Although the Commission was apparently of the opinion that even the outlining of the JHA-acquis (including free movement of persons) was too controversial, the period after the Essen-summit did see some movement on the more practical level. After the Essen summit, JHA was thus included in the so-called structured dialogue; opening the door for several meetings between EU ministers of justice and home affairs and their Central and Eastern European colleagues. 12 In reality, the EU had however not been able to confront the security dilemma, outlined in the previous section. It felt the need to enlarge, but feared the consequences of enlargement so much that it evaded the issue!

4.2 From Amsterdam to Agenda 2000

That the EU worried enlargement could lead to the ‘internalisation’ of security problems from the East became even clearer once the EU shifted gear from offering membership to actually preparing it. The forum for this change of pace was the 1996-InterGovernmental Conference. Already at the Cannes Summit in 1995, the member states had decided to put the JHA-pillar on the IGC-agenda. In the run up the IGC, the Reflection Group which was preparing the IGC, made a direct link between JHA-reform and the forthcoming enlargement:

‘The prospect of forthcoming enlargement implies a qualitative change in the need to guarantee the internal security of citizens of the Union more effectively’ (Reflection Group, 1995).

Indeed enlargement - besides the wish to ‘bring the EU closer to its citizens’ - was the key motor behind the JHA-reform. If enlargement had not been on the agenda, the EU and its member states would probably have been able to live with the status quo (author’s interview, Danish IGC-team). Precisely because the EU was about to take in countries whose asylum, immigration and border control policy was still rather rudimentary, the majority of the member states opted for a JHA-reform, where these specific policy areas were developed. Without common, clearly formulated rules, the EU could soon find itself subjected to an immigration influx from the CEECs after their accession; for instance due to lax border control and visa-policy among the newcomers. The fear surrounding EU-member states was apparently so overwhelming that a French-led coalition made JHA-reform a precondition for enlargement: no JHA-reform; no eastern enlargement (ibid.). The very fact that enlargement would increase the number of participants in the already fragile JHA-pillar probably also played a role: if the JHA-pillar was ever to become efficient, it was necessary to reform it when only 15 member states were sitting around the negotiation table and not 25. Finally, JHA-reform was also led by the fear that enlargement could trigger more crime within the EU-area; hence, forcing the EU to put police co-operation back on the drawing board.
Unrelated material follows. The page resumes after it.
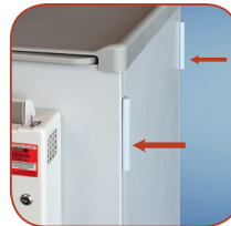
Chair Rail Bumpers

The result of the above enlargement incentive were quite dramatic changes of the internal security area in the new Treaty of Amsterdam (Monar, 1997a: 1). Not only did the member states decide to upgrade the development of ‘an area of freedom, justice and security’ into one of the EU’s chief objectives - an objective to be fulfilled within a five year period. They also decided to transform the JHA-area into an actual EU-policy. Important parts of the JHA-pillar (visa, asylum, immigration and other policies) were thus ‘communitarised’, i.e. moved to Pillar I. Quite strikingly, it was also decided to move the Schengen co-operation into the EU-framework; transforming its 3000 pages of law text into EU-acquis. In practice, the common pressure from the East had therefore caused a shift in the balance between ‘national’ and EU internal security; putting far more stress on the EU-side in the symbiosis.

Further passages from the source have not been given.